My pair has observed me lead the last few user interviews, so it’s time for them to facilitate this next one. We often invite the rest of the team to observe and take notes during interviews to ensure there is a shared understanding across disciplines.
Once the interview is complete, we’ll quickly debrief as a team on any noteworthy findings and highlight existing patterns we’ve seen previously. It’s also important for me and my pair to keep short feedback loops by reviewing what went well and what could use improvement for the next interview. And then, lunch!
Lunch!
I prefer to spend my lunch hour eating (obviously). This is yet another opportunity to close our laptops and step away from our desks. You’ll most likely find me out in the courtyard immersed in a book or grabbing a sandwich with some coworkers at a nearby shop. Depending on the day of the week, I may round out my lunch by joining a Practice Talk. Once a week the Tanzu Labs practitioners get together virtually for the Tanzu Labs Practice Talk series where we hear share-outs from other engagements and participate in discussions that focus on our core practices.
Afternoon: synthesizing research
The rest of the afternoon will be spent working with my pair on synthesizing our ongoing research. As we continue through our discovery phase, the goal is to do just enough research in order to keep our build-measure-learn loop as short as possible. By continuously performing this cycle, we are able to deliver more value to our users as soon as possible.
We often conduct our interviews remotely and document our notes using an online collaboration tool like FigJam or Miro. With this morning’s interview behind us, it’s time to synthesize our notes by affinitizing our findings into patterns and themes. If we have multiple interviews to review, we’ll bring in the rest of the team, divide into small groups, and get to work.
Break
After an afternoon of synthesizing, it’s time for a team brain break. I’m very competitive and our weekly game time is the perfect fit for team building and collaboration. Codenames is my personal favorite—especially when we invite another product team for a team vs. team game.
Before jumping back into design work, I use this time to catch up with Slack happenings, review emails, and get a few admin things off the to-do list.
Later: user journeys
As the team continues through this preliminary discovery phase, we prioritize understanding our users’ points of view. We used the morning for conducting an interview, the early afternoon for synthesizing what we learned, and now it’s time to apply it. For this, we pull in our product managers to map out what our user journey looks like. A user Journey Map is a design artifact used to map the user’s initiatives over a certain period of time, detailing each task and interactions our users take to complete their current process. Personas keep us focused on whose experience we’re solving for during this workshop—luckily my pair and I defined our primary persona last week.
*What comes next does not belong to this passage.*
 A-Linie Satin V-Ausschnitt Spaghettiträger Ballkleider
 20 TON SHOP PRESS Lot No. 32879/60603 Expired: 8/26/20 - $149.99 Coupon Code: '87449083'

Using the narratives we’ve gathered from users in interviews, we outline the user journey for our personas and map their pain points chronologically. By the time we’re done, we will have a holistic view of our users’ experience. Next, we’ll move forward with prioritizing these pain problems based on user value, but we’ll save that for another day.
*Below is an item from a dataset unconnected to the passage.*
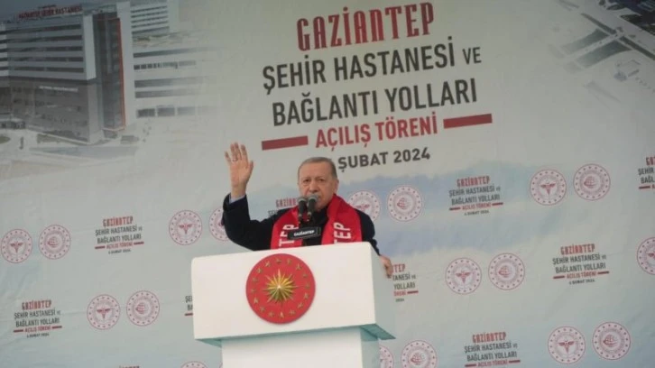 6 Şubat'ta meydana gelen Kahramanmaraş merkezli depremlerden etkilenen 11 ilden biri olan Gaziantep'te Şehir Hastanesi, Şahinbey Millet Camii açılışı ve deprem konutlarının hak sahiplerine teslim edileceği törene katılmak üzere Gaziantep'e gelen Cumhurbaşkanı Erdoğan, Gaziantep Şehir Hastanesi’nin açılışında konuştu. Cumhurbaşkanı Erdoğan, helikopter kazasında şehit olan iki polise rahmet dileyerek, depremin yaraları sarma sözlerini hızla yerine getirdiklerini, deprem şehirlerini tamamen ayağa kaldırana kadar dinlenmeyeceklerini söyledi.

Continuous improvement is key to our professional development, so my pair and I end the day with a short reflection on what we accomplished as a design pair. A plus/delta feedback session is made to be brief and provides a simple way to share what was exciting for us, as well as which areas or skills we may need to improve.
End of day
After eight hours of problem solving, we close our laptops and head home for the evening. Sustainable work is encouraged and practiced earnestly at Tanzu Labs, so you won’t catch us staying much later than 5:30—unless you’re like me and use a few extra minutes to queue up the ultimate playlist for the drive home.